A young woman with light-colored hair, wearing a black top with a zipper, sitting at a table with a relaxed expression. She is gently biting her tongue and looking upward, with her right hand resting on the table and her left hand near her neck, wearing hoop earrings and a delicate chain necklace. The background shows a window with sunlight streaming in.

Hi, I’m Alessandra

liberated art facilitator.
Devoted believer in the inner world.

For a person who now makes her living through art therapy, I spent an embarrassingly long time being petrified of making art. Not mildly nervous. Palm-sweatingly convinced that any mark I made on paper would be immediately revealed as evidence of some deep personal inadequacy.

When we become so fearful of judgement, that of our own and of others, that these fears paralyse us from living life with freedom and true joy, it goes without saying that we might have some unlearning to tend to.

How it all began

I first encountered art therapy as a teenager, during what I will generously describe as a difficult period. I was not in a good place.
A lost soul trapped in a relentless loop of self-destruction and inner criticism, slinking the corridors of a rehabilitation centre, at a point when words had more or less packed their bags.

Art therapy arrived at exactly this moment, which in retrospect seems almost suspiciously well-timed. It did not ask me to explain myself. It did not require me to find the right words or present myself coherently. It simply handed me some materials and waited to see what happened. No expectation.

Over time, learning the practice of making free-art without a goal, learning to relinquish the fear of judgment, with no need to make something ‘perfect’showed me how to unchain myself from these limiting narratives in many other aspects of my life.

Art therapy stayed with me. And, in a turn of events that will surprise absolutely no one who has ever been genuinely helped by something, I now find myself sitting in the therapist’s chair.

why art matters

Here is something that tends to get overlooked in polite conversation: humans have been making art long before we developed language or legal systems; we were far too occupied pressing our hands against cave walls and carving animal shapes in the dark.

This was not accidental. It was, as neuroscience has since gone to considerable lengths to confirm, a fundamental way of processing experience.
Of making the inner world visible.
Of saying: I was here, and this is what it felt like.

My work brings together psychology, neurobiology and mythology to create space for exactly this kind of expression. The result (pleasingly), is that creative making becomes a path toward understanding; and sometimes, when things go well, toward genuine change.

How I work now

My practice is grounded in the belief that imagination is one of the most underrated tools available to us. It shapes how we see ourselves. It helps us move through change without completely dissolving. It allows us to examine, reframe and quietly rewrite the stories we have been lugging around since childhood; most of which, were never accurate to begin with.

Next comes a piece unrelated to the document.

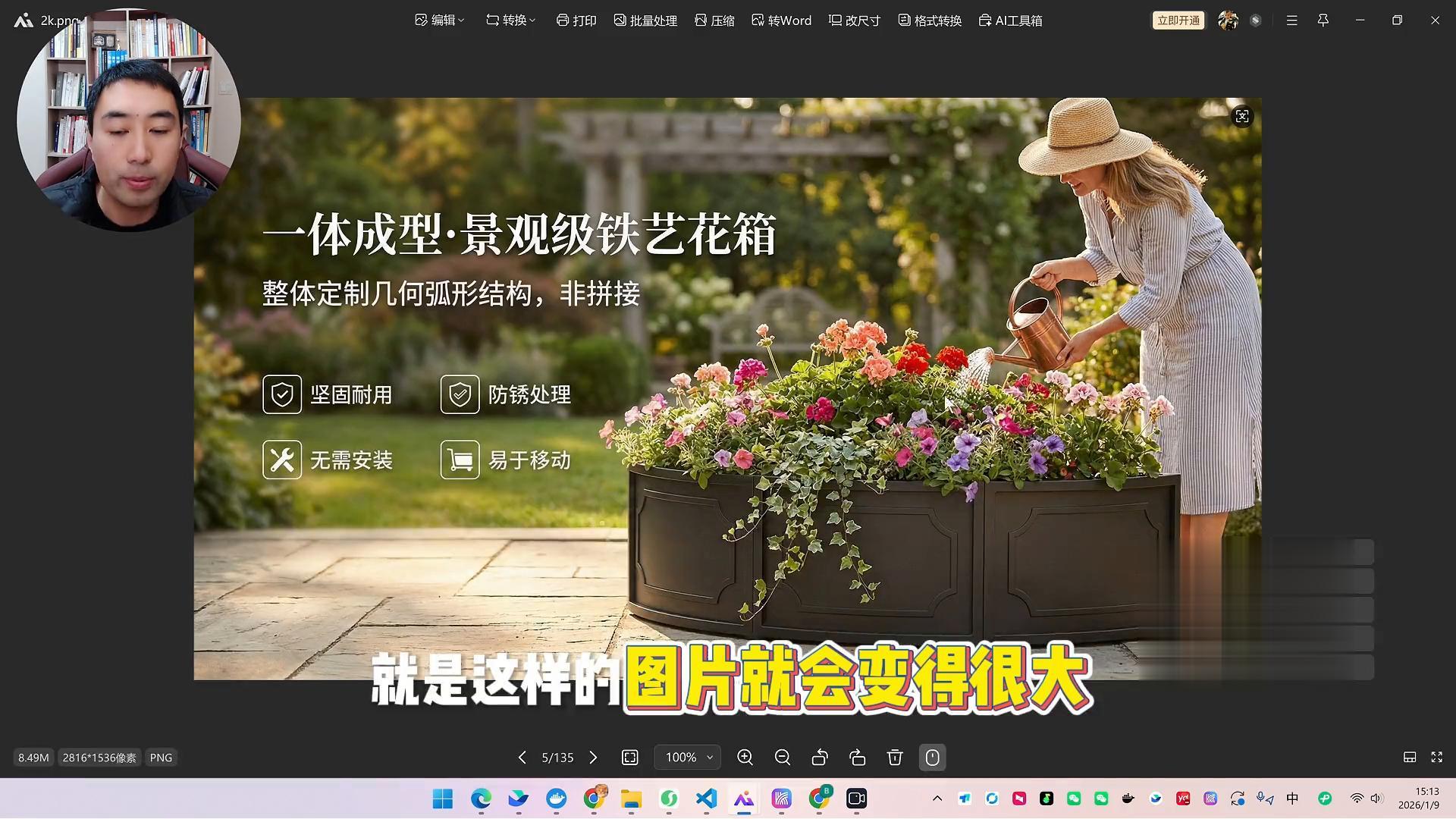 首先来说你的提示词,无论写的是4K还是8K,使用Gemini里面的Nano Banana Pro生成的图片都是1K或者是2K的。为什么是1K或者是2K的?因为生成这个图片,如果右键图片另存为,那么它保存出来的图片质量就是1K的。大家来看一下,就是这样展示的一个效果,图片很小,右下角可以看到它最大是1024,也就是1K的。

Art did far more for me than loosen my grip on perfectionism.
It dismantled giant psychological walls.
It changed how I saw myself, how I moved through relationships, how I related to a bootcamp inner critic who had been running the show for most of my life.

I am not recommending this because it sounds nice. I am recommending it because it worked, in the most concrete and lasting way, for someone who was quite convinced it wouldn’t.

It starts, as most things do, quite simply:
A blank page.
A mark.
The mild but necessary courage to see where it leads.

Philosophy

Gold-colored drawing of a woman with a fish tail, reclining with her eyes closed, on a black background.

Before we were good at explaining ourselves,
we drew.

We
painted hands on cave walls.

We
told stories about the sun and called it Helios because a name gives something power, and power is something the sun rather deserves.

Somewhere along the way, many of us got persuaded that this older, image-making language was decorative at best, frivolous at worst. Here we respectfully disagree.

Colour is not just colour — it is mood, memory, longing, and occasionally the precise shade of a Tuscany in Spring that you can never quite describe to anyone. Pattern is not just pattern — it is the habit you have been carrying since you were eleven, finally visible on paper. Symbols are not superstition — they are the shorthand the psyche has been using for millennia while the rational mind was busy counting shells.

Working with me, means learning to see all of this — learning more about yourself and the world around you too.

Ancient Egyptian wall painting depicting a banquet scene with seated figures holding food, offerings, and palm trees, along with standing deities and a pharaoh with a tall headdress.
Ancient cave painting on a rock surface depicting a horse and a person, created with orange pigment.